What you need to do — From the first line to the last, set down the material exactly, leaving out its pictures.

──────────────────────────────

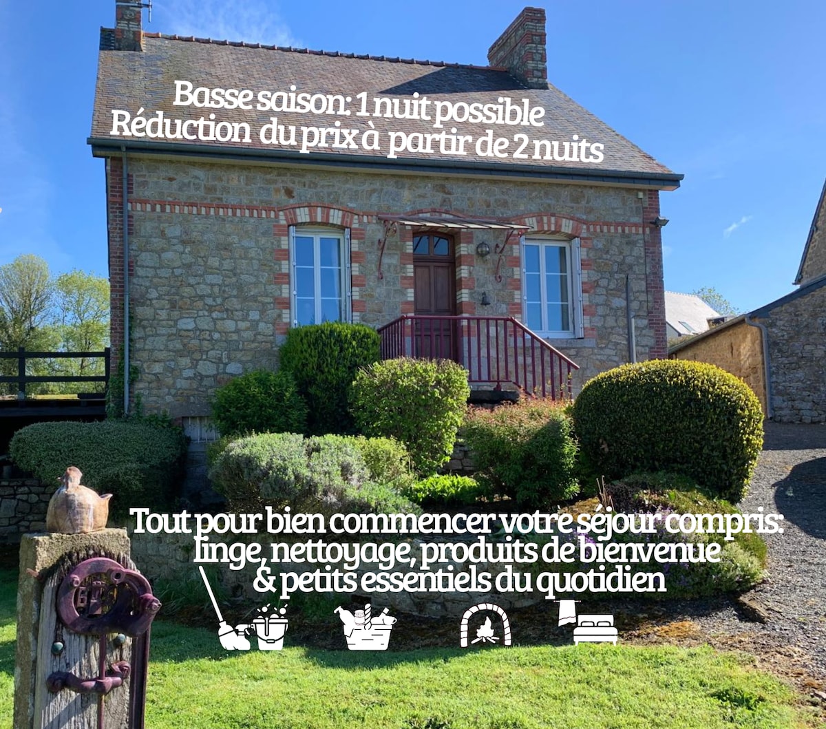 Հմայիչ փոքրիկ քոթեջ ՝հանգիստ և նրբագեղ,այն հրավիրում է ձեզ գալ և հանգստանալ այնտեղ ։ Դուք կլինեք կանաչ և խաղաղ միջավայրում ։ Գտնվում է Մոնտ ավտոկանգառներից 5 կմ հեռավորության վրա և անվճար երթուղայիններից 1,5 կմ հեռավորության վրա Ձեր հեծանիվները տեղադրելու համար պաշտպանված տարածքը հասանելի է մեր հյուրերին ։ Առանձին տեռաս ՝ պարտեզի կահույքով և կախովի աթոռով կանաչուղին գտնվում է 1 կմ դեպի Մոն Սեն Միշել , Պոնտորսոն կամ Կանկալե, Սեն Մալո գեղեցիկ զբոսանքների համար
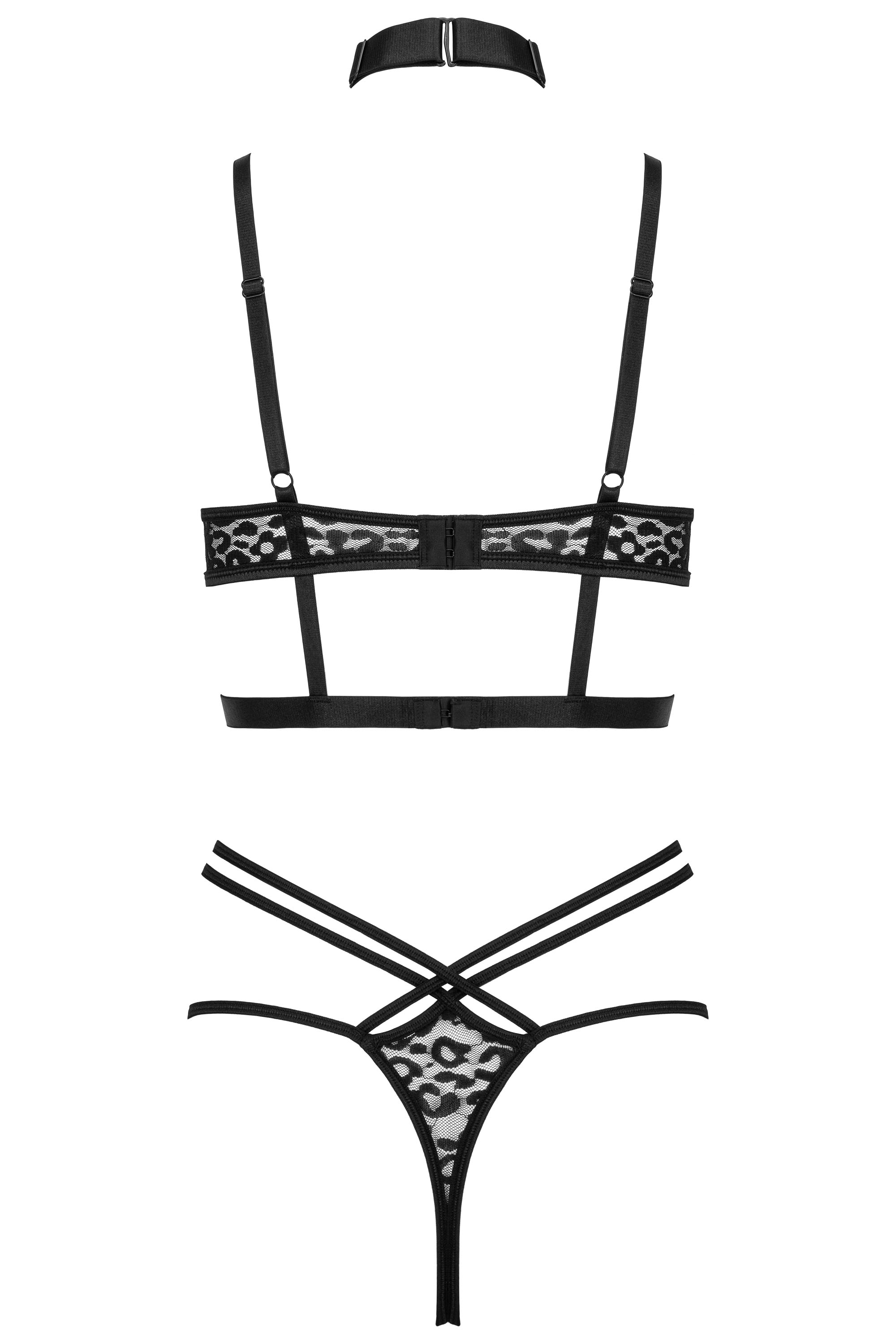 Reizwäsche-Set aus schwarzem, transparentem Material. Am Bügel-BH ist ein Halsband angenäht, das individuell angepasst werden kann. Mit String im gleichen Style mit elastischen Riemen.
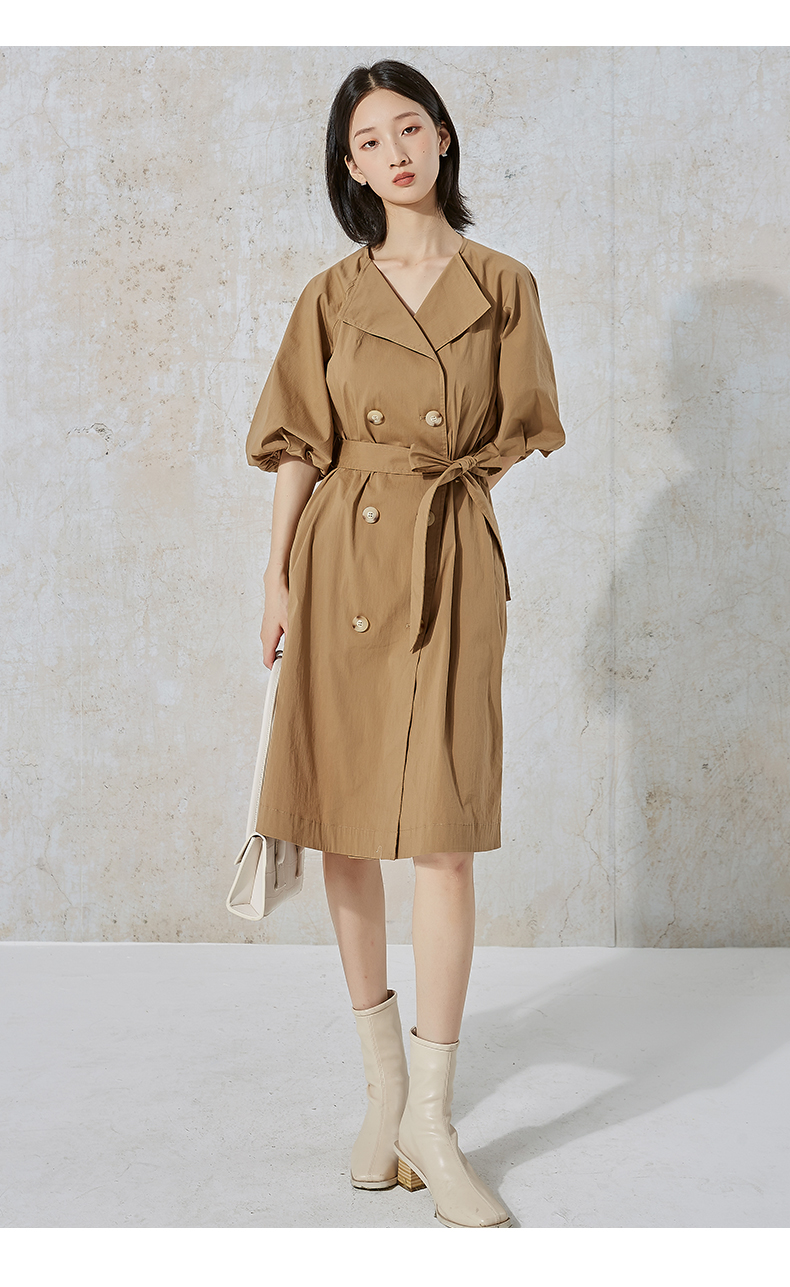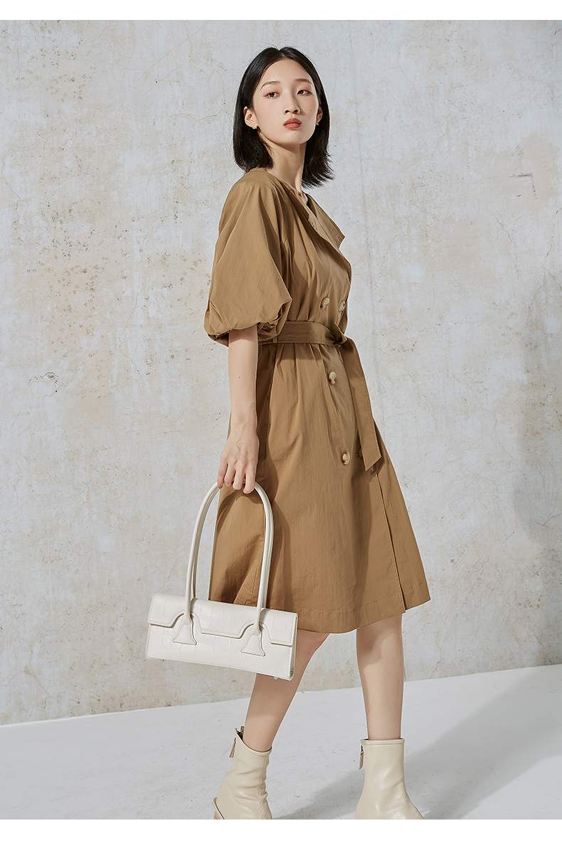 NUTS秋季新款时尚宽松显瘦衬衫款式短袖连衣裙女231101078B
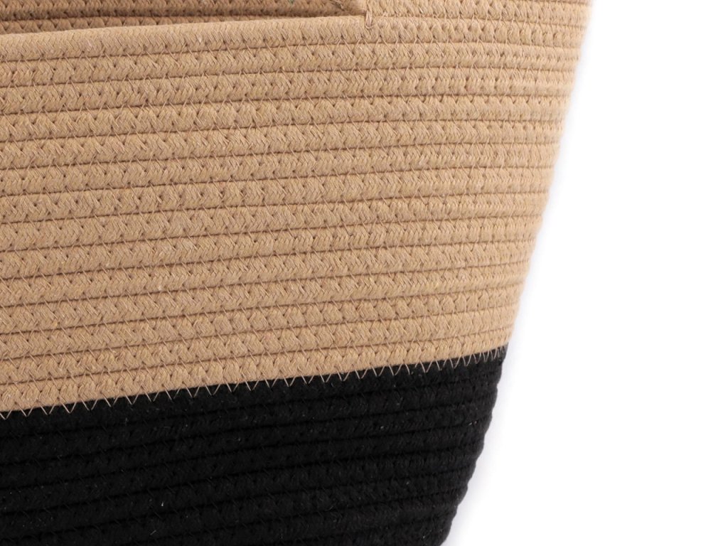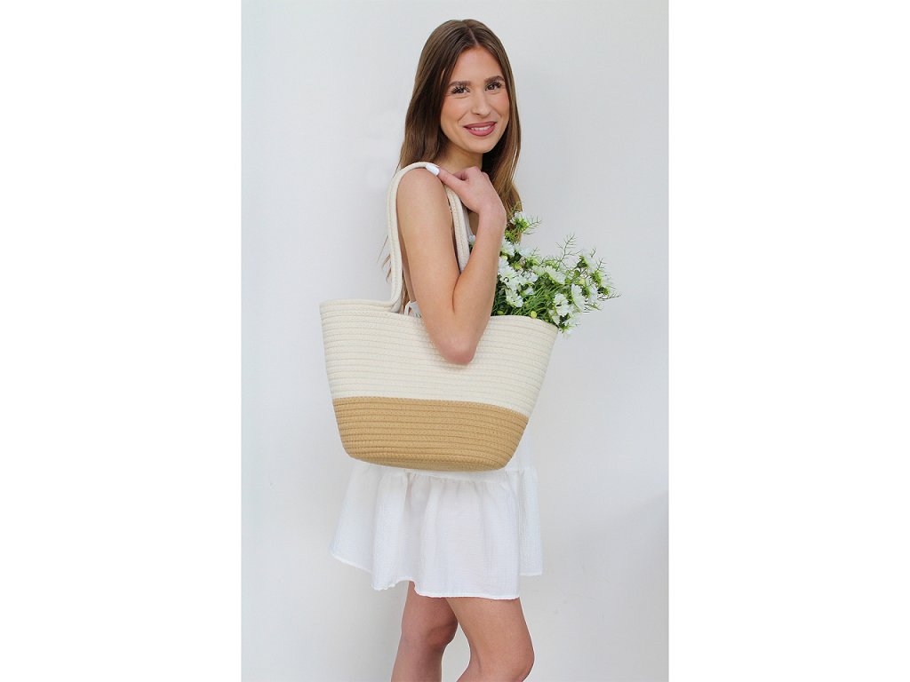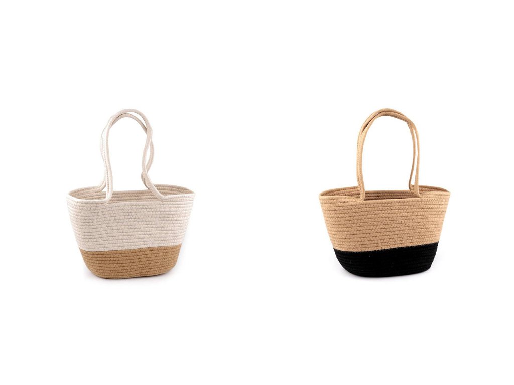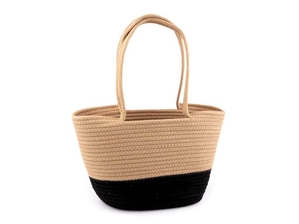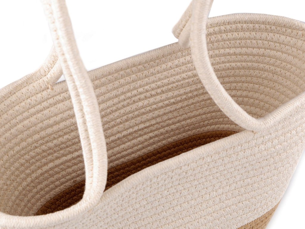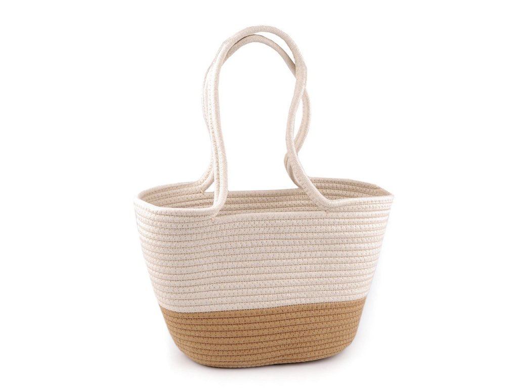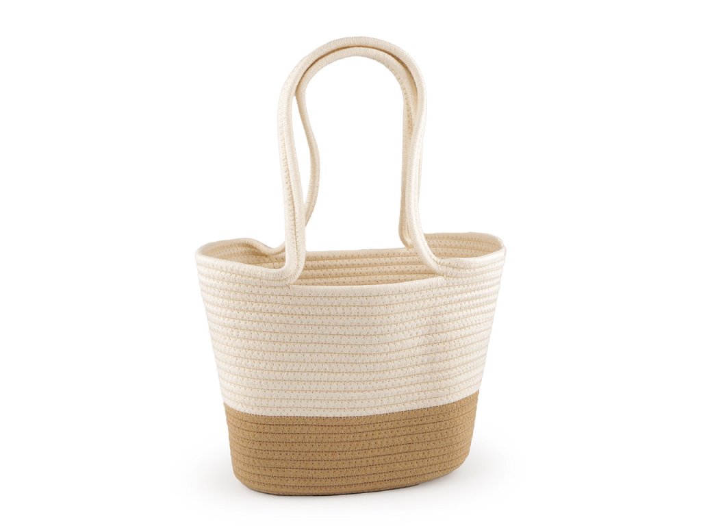 Z prostorné bavlněné kabelky budete nadšení. Vynosíte ji do města, vejde se do ní i menší nákup, hodí se i na piknik v přírodě apod. Má zajímavou strukturu, která vznikla sešitím bavlněné šňůry dokola. Dno je oválné, ucha jsou na nošení v ruce.
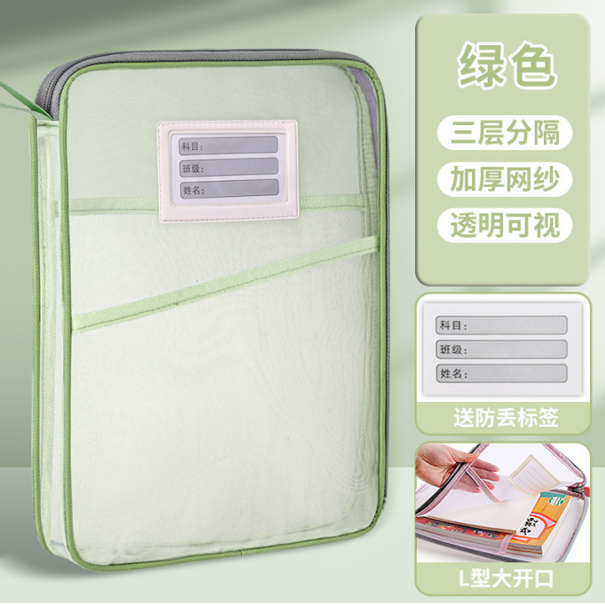 두꺼운 이중 나일론 메쉬 문서 가방 주제 분류 가방 학생 시험지 봉투 도서 보관 가방 주제 가방스토어 가기
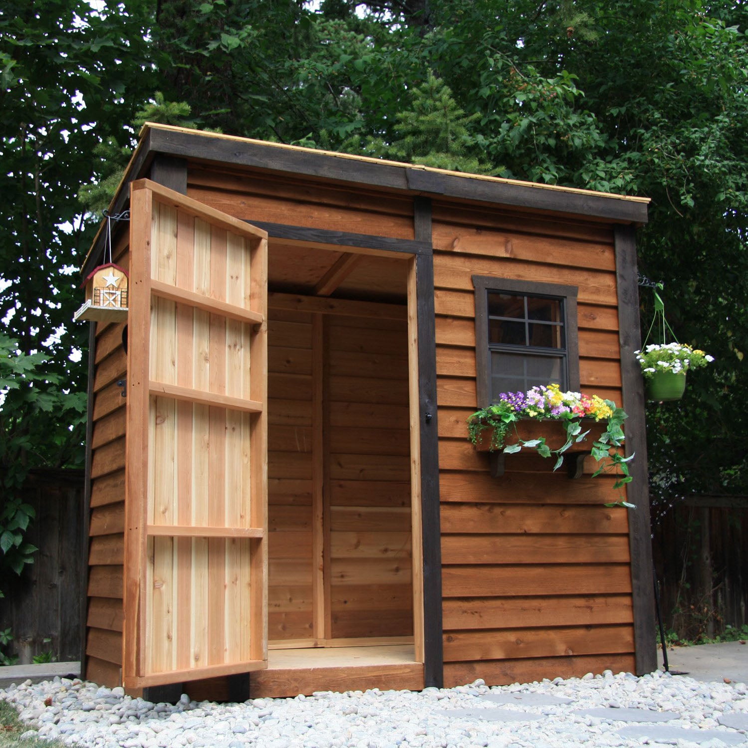 The Garden Saver utilizes a functional, screened aluminum window that provides ventilation, and comes with a flower box for added charm. The panelized walls feature sustainably sourced Western Red Cedar and assemble with ease! Simply screw or nail components together on the supplied floor with hardware included.

──────────────────────────────

Result for this task —
 Հմայիչ փոքրիկ քոթեջ ՝հանգիստ և նրբագեղ,այն հրավիրում է ձեզ գալ և հանգստանալ այնտեղ ։ Դուք կլինեք կանաչ և խաղաղ միջավայրում ։ Գտնվում է Մոնտ ավտոկանգառներից 5 կմ հեռավորության վրա և անվճար երթուղայիններից 1,5 կմ հեռավորության վրա Ձեր հեծանիվները տեղադրելու համար պաշտպանված տարածքը հասանելի է մեր հյուրերին ։ Առանձին տեռաս ՝ պարտեզի կահույքով և կախովի աթոռով կանաչուղին գտնվում է 1 կմ դեպի Մոն Սեն Միշել , Պոնտորսոն կամ Կանկալե, Սեն Մալո գեղեցիկ զբոսանքների համար
 Reizwäsche-Set aus schwarzem, transparentem Material. Am Bügel-BH ist ein Halsband angenäht, das individuell angepasst werden kann. Mit String im gleichen Style mit elastischen Riemen.
 NUTS秋季新款时尚宽松显瘦衬衫款式短袖连衣裙女231101078B
 Z prostorné bavlněné kabelky budete nadšení. Vynosíte ji do města, vejde se do ní i menší nákup, hodí se i na piknik v přírodě apod. Má zajímavou strukturu, která vznikla sešitím bavlněné šňůry dokola. Dno je oválné, ucha jsou na nošení v ruce.
 두꺼운 이중 나일론 메쉬 문서 가방 주제 분류 가방 학생 시험지 봉투 도서 보관 가방 주제 가방스토어 가기
 The Garden Saver utilizes a functional, screened aluminum window that provides ventilation, and comes with a flower box for added charm. The panelized walls feature sustainably sourced Western Red Cedar and assemble with ease! Simply screw or nail components together on the supplied floor with hardware included.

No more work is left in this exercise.